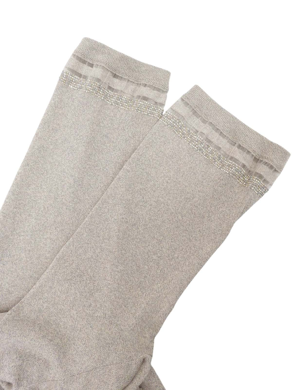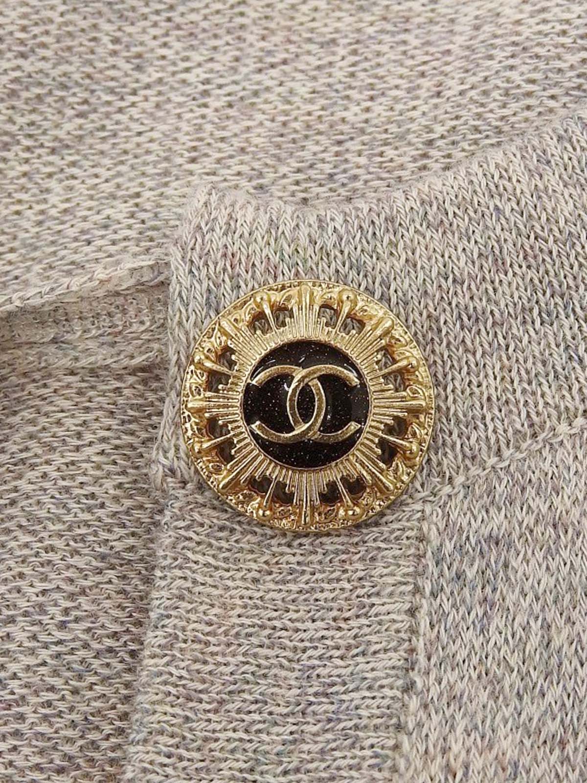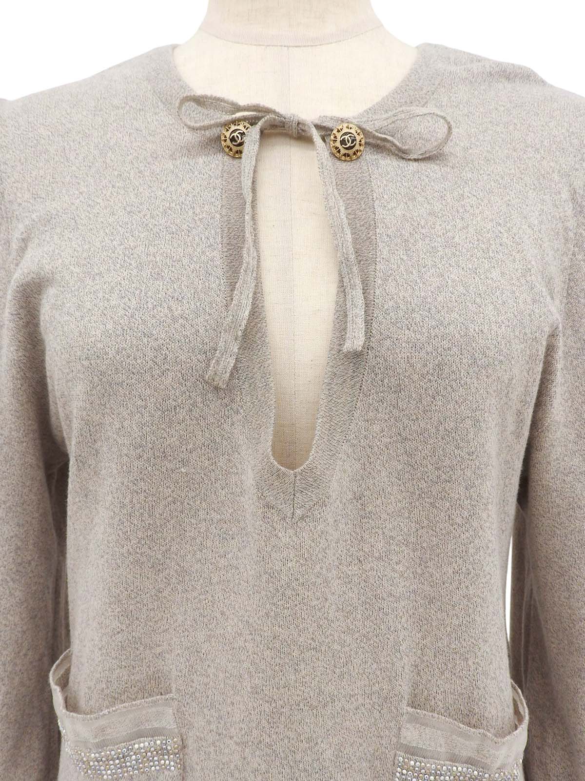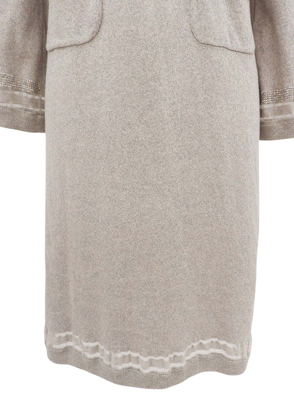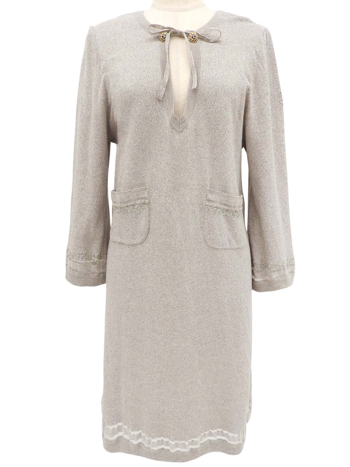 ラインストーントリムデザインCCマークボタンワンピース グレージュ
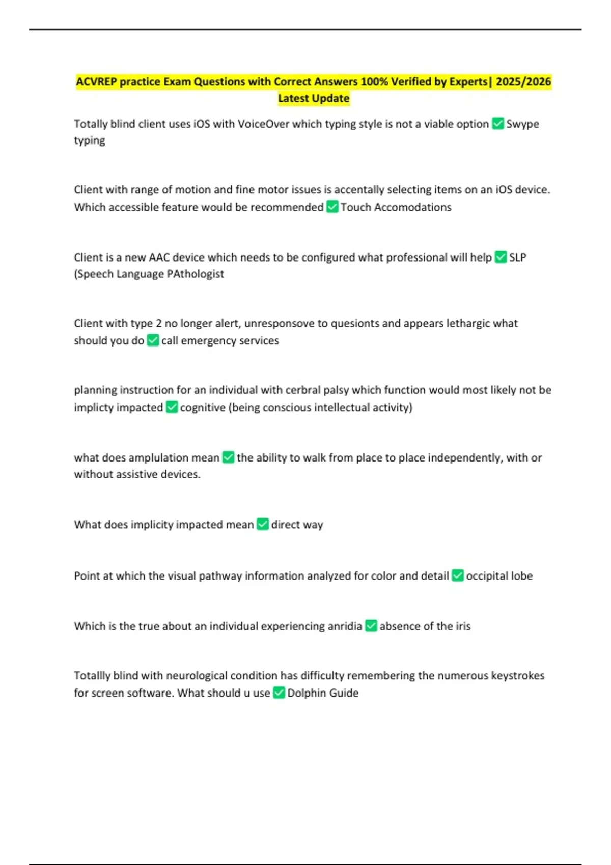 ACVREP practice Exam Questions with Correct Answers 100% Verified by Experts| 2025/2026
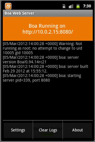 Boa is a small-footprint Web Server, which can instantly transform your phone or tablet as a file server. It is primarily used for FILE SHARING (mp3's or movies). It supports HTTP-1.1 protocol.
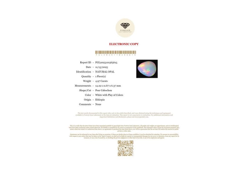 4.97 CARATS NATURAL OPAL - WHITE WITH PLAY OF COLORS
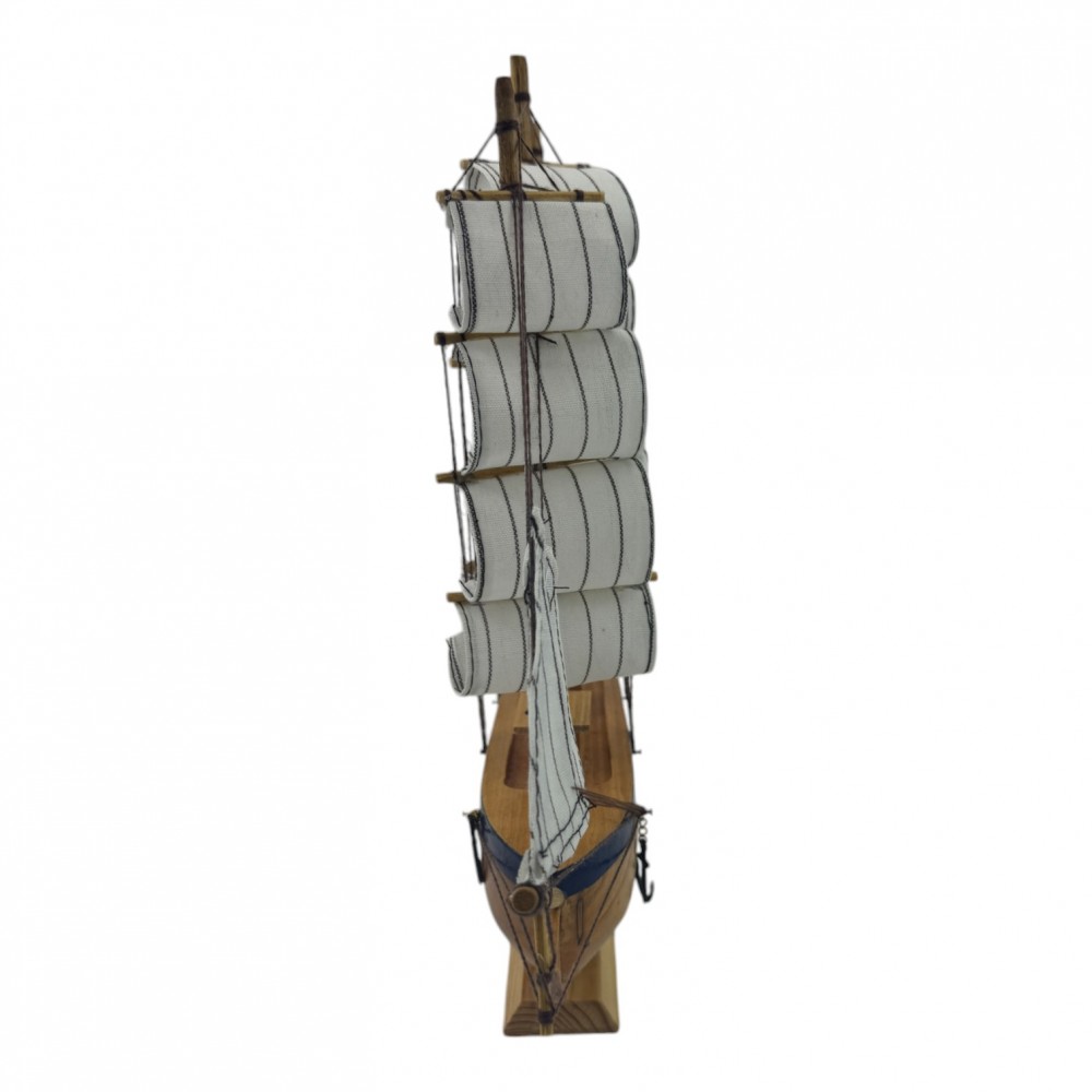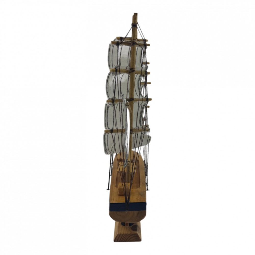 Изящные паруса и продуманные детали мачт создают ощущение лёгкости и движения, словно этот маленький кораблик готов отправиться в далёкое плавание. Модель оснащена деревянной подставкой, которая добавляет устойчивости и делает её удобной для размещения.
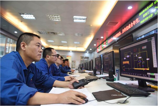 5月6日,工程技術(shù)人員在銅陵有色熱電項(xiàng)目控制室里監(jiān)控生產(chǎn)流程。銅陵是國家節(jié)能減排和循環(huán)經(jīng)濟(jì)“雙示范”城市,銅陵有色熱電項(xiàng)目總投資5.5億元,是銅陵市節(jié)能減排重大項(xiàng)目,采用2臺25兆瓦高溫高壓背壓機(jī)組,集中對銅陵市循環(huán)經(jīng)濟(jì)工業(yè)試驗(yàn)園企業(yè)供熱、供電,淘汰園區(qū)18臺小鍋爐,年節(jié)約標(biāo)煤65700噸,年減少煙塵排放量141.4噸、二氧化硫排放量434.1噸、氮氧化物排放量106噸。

__________________________________________________

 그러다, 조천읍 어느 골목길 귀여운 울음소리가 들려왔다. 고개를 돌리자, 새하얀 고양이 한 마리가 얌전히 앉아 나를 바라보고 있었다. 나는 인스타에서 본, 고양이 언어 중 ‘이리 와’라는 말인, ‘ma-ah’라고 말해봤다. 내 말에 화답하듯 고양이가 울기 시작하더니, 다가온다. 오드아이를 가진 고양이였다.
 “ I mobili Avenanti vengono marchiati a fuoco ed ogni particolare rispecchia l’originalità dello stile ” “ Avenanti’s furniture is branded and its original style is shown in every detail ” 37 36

__________________________________________________

**Work task:** What you return from the records above should be exactly everything from the line with "Изящные паруса и" down to the line with "5月6日,工程技術(shù)", both kept, and no pictures.

**Exercise response:**
 Изящные паруса и продуманные детали мачт создают ощущение лёгкости и движения, словно этот маленький кораблик готов отправиться в далёкое плавание. Модель оснащена деревянной подставкой, которая добавляет устойчивости и делает её удобной для размещения.
 5月6日,工程技術(shù)人員在銅陵有色熱電項(xiàng)目控制室里監(jiān)控生產(chǎn)流程。銅陵是國家節(jié)能減排和循環(huán)經(jīng)濟(jì)“雙示范”城市,銅陵有色熱電項(xiàng)目總投資5.5億元,是銅陵市節(jié)能減排重大項(xiàng)目,采用2臺25兆瓦高溫高壓背壓機(jī)組,集中對銅陵市循環(huán)經(jīng)濟(jì)工業(yè)試驗(yàn)園企業(yè)供熱、供電,淘汰園區(qū)18臺小鍋爐,年節(jié)約標(biāo)煤65700噸,年減少煙塵排放量141.4噸、二氧化硫排放量434.1噸、氮氧化物排放量106噸。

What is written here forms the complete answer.